Problem details - In the data below, reproduce everything exactly except the images.

Data in this exercise -
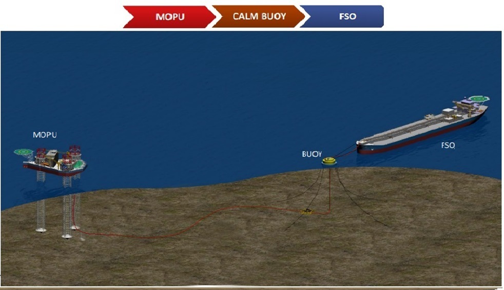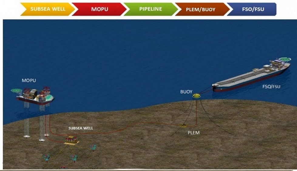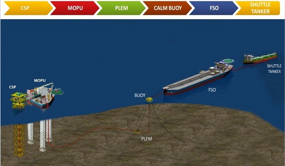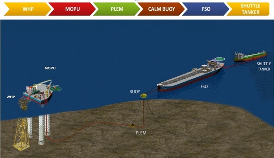 The connections include a pipeline from WHP to MOPU, PLEM to FSO, and FSO to a shuttle tanker.
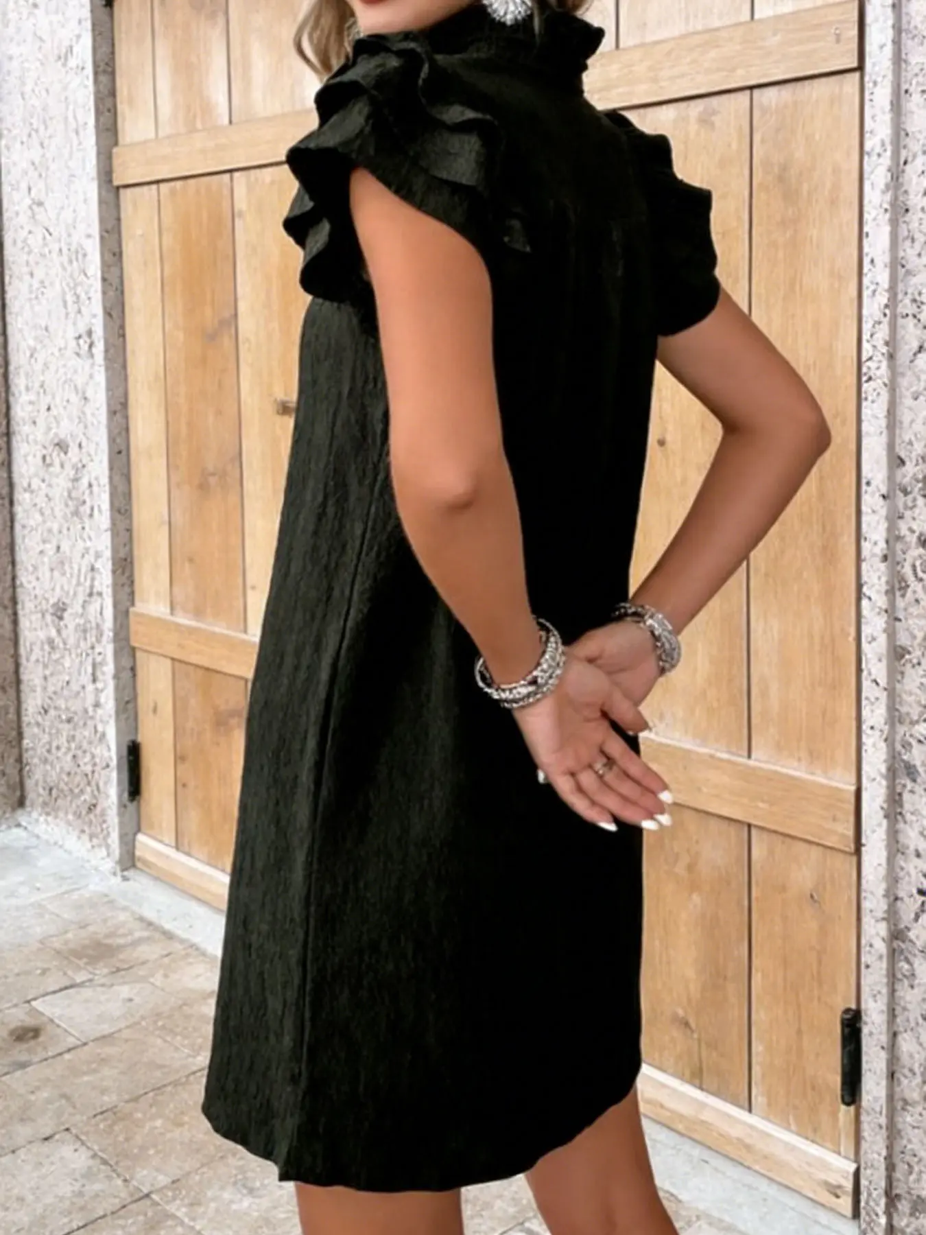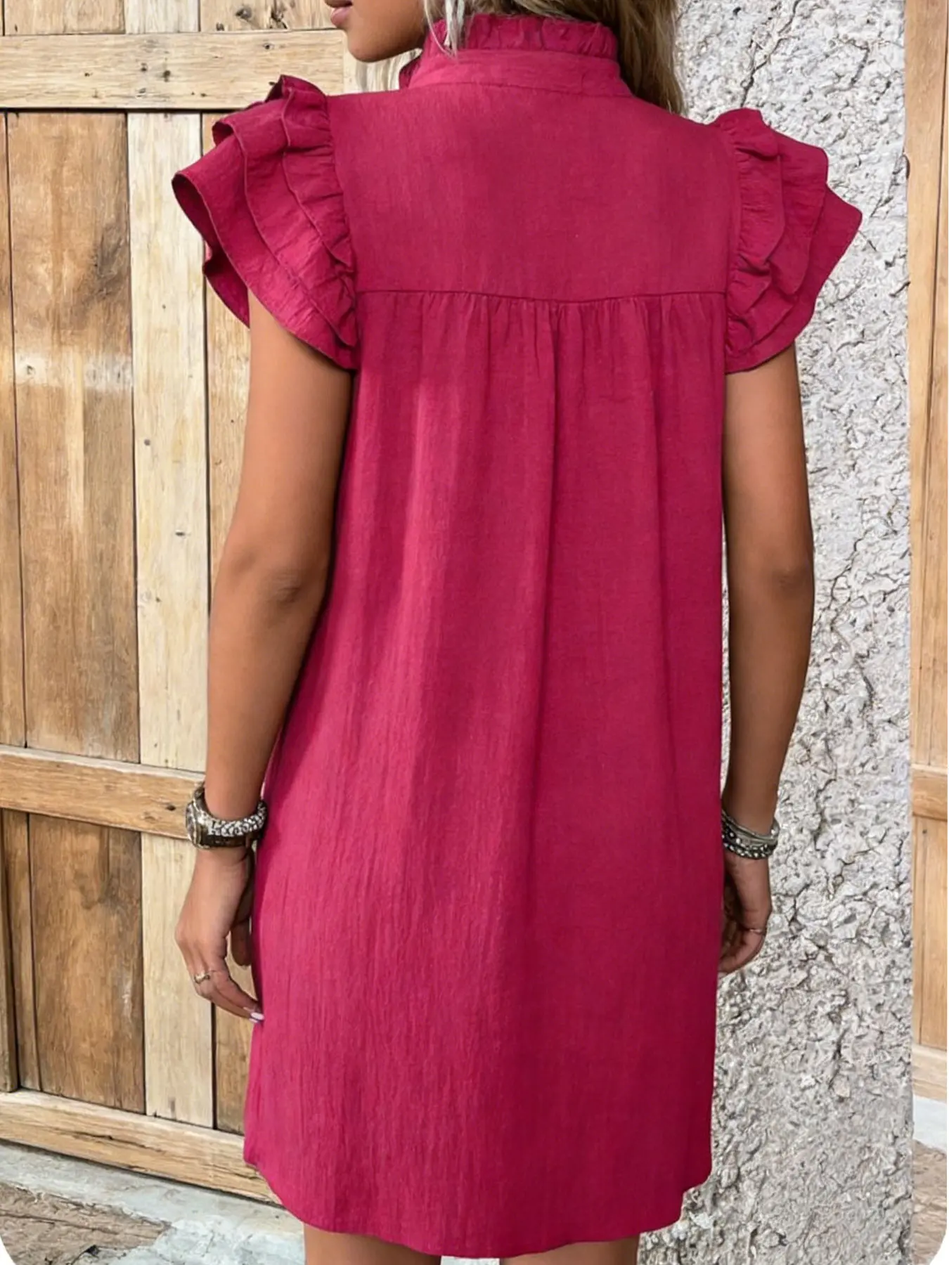 5. A women's solid color multi-layer ruffled sleeve V-neck pullover dress, suitable for summer, daily casual wear, vacations, dates, gatherings, and othe Womenswear
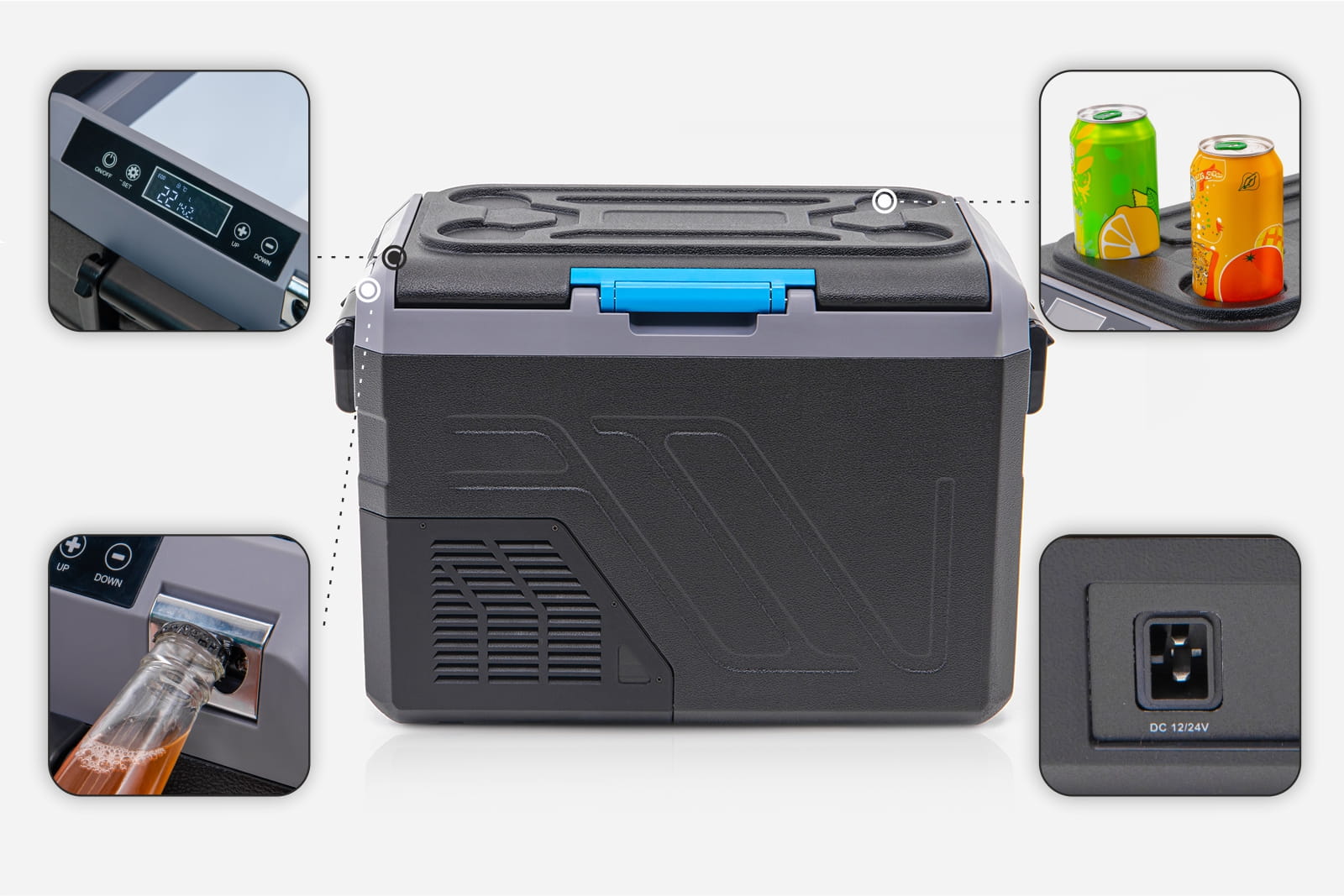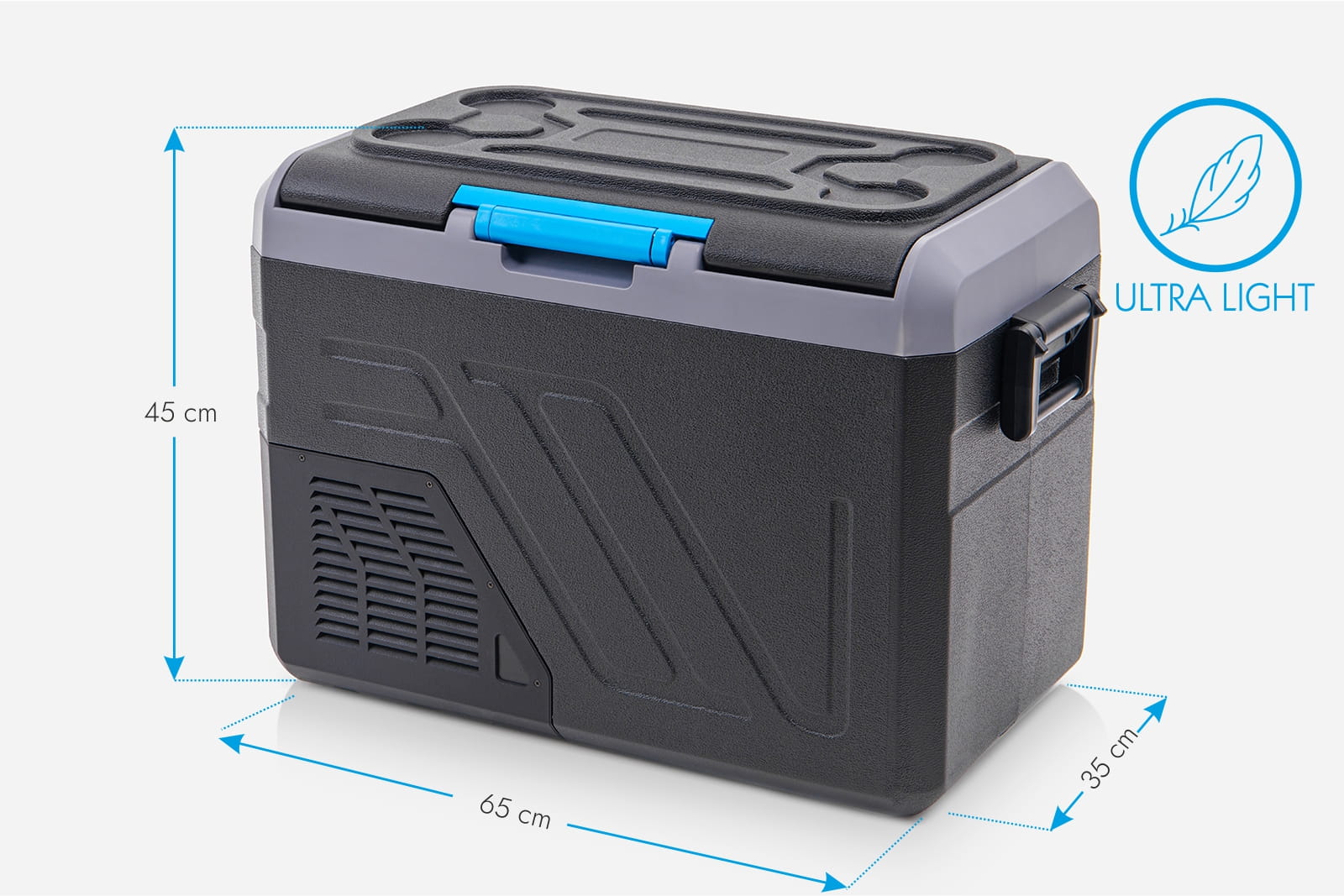 Przenośna lodówko-zamrażarka może być podłączona do gniazdka zapalniczki o napięciu 12V-24V, co umożliwia jej mobilne użytkowanie we wszystkich pojazdach (działa również z adapterem 220V). Dzięki wysokiej klasy izolacji oraz wydajnemu kompresorowi proces chłodzenia w lodówko-zamrażarce przebiega wyjątkowo szybko. Doskonale sprawdzi się podczas pikniku, wędkowania, na plaży czy w podróży umożliwiając przechowywanie żywności przez długi czas. Opatentowany system wentylacji zapewnia równomierne rozmieszczenie powietrza wewnątrz komory, utrzymując produkty w optymalnej kondycji. Dodatkowo, wbudowany termometr i termostat umożliwiają Ci pełną kontrolę nad temperaturą. Przenośna lodówko-zamrażarka może być używana w temperaturze od -20°C do +18°C. Wbudowana lampka daje dużą widoczność i pozwala na swobodne korzystanie z lodówki nawet po zmierzchu.
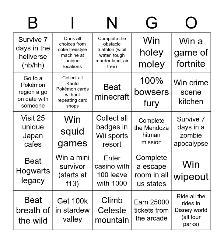 This bingo card has 25 words: Win a mini survivor (starts at f13), Climb Celeste mountain, Beat minecraft, Beat breath of the wild, Win a game of fortnite, Survive 7 days in the hellverse (hb/hh), Go to a Pokémon region a go on date with someone, Drink all choices from coke freestyle machine at unique locations, Complete the Mendoza hitman mission, Enter casino with 100 leave with 1000, 100% bowsers fury, Visit 25 unique Japan cafes, Complete a escape room in all us states, Win wipeout, Collect all Kanto Pokémon cards without repeating card shops, Ride all the rides in Disney world (all four parks), Survive 7 days in a zombie apocalypse, Complete the obstacle triathlon (wibit water, tough murder land, air tree), Win crime scene kitchen, Win squid games, Collect all badges in Wii sports resort, Get 100k in stardew valley, Beat Hogwarts legacy, Win holey moley and Earn 25000 tickets from the arcade.
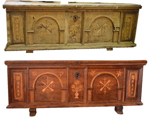 Restavriranje intarzirane skrinje - prej/potem

Task result -
 The connections include a pipeline from WHP to MOPU, PLEM to FSO, and FSO to a shuttle tanker.
 5. A women's solid color multi-layer ruffled sleeve V-neck pullover dress, suitable for summer, daily casual wear, vacations, dates, gatherings, and othe Womenswear
 Przenośna lodówko-zamrażarka może być podłączona do gniazdka zapalniczki o napięciu 12V-24V, co umożliwia jej mobilne użytkowanie we wszystkich pojazdach (działa również z adapterem 220V). Dzięki wysokiej klasy izolacji oraz wydajnemu kompresorowi proces chłodzenia w lodówko-zamrażarce przebiega wyjątkowo szybko. Doskonale sprawdzi się podczas pikniku, wędkowania, na plaży czy w podróży umożliwiając przechowywanie żywności przez długi czas. Opatentowany system wentylacji zapewnia równomierne rozmieszczenie powietrza wewnątrz komory, utrzymując produkty w optymalnej kondycji. Dodatkowo, wbudowany termometr i termostat umożliwiają Ci pełną kontrolę nad temperaturą. Przenośna lodówko-zamrażarka może być używana w temperaturze od -20°C do +18°C. Wbudowana lampka daje dużą widoczność i pozwala na swobodne korzystanie z lodówki nawet po zmierzchu.
 This bingo card has 25 words: Win a mini survivor (starts at f13), Climb Celeste mountain, Beat minecraft, Beat breath of the wild, Win a game of fortnite, Survive 7 days in the hellverse (hb/hh), Go to a Pokémon region a go on date with someone, Drink all choices from coke freestyle machine at unique locations, Complete the Mendoza hitman mission, Enter casino with 100 leave with 1000, 100% bowsers fury, Visit 25 unique Japan cafes, Complete a escape room in all us states, Win wipeout, Collect all Kanto Pokémon cards without repeating card shops, Ride all the rides in Disney world (all four parks), Survive 7 days in a zombie apocalypse, Complete the obstacle triathlon (wibit water, tough murder land, air tree), Win crime scene kitchen, Win squid games, Collect all badges in Wii sports resort, Get 100k in stardew valley, Beat Hogwarts legacy, Win holey moley and Earn 25000 tickets from the arcade.
 Restavriranje intarzirane skrinje - prej/potem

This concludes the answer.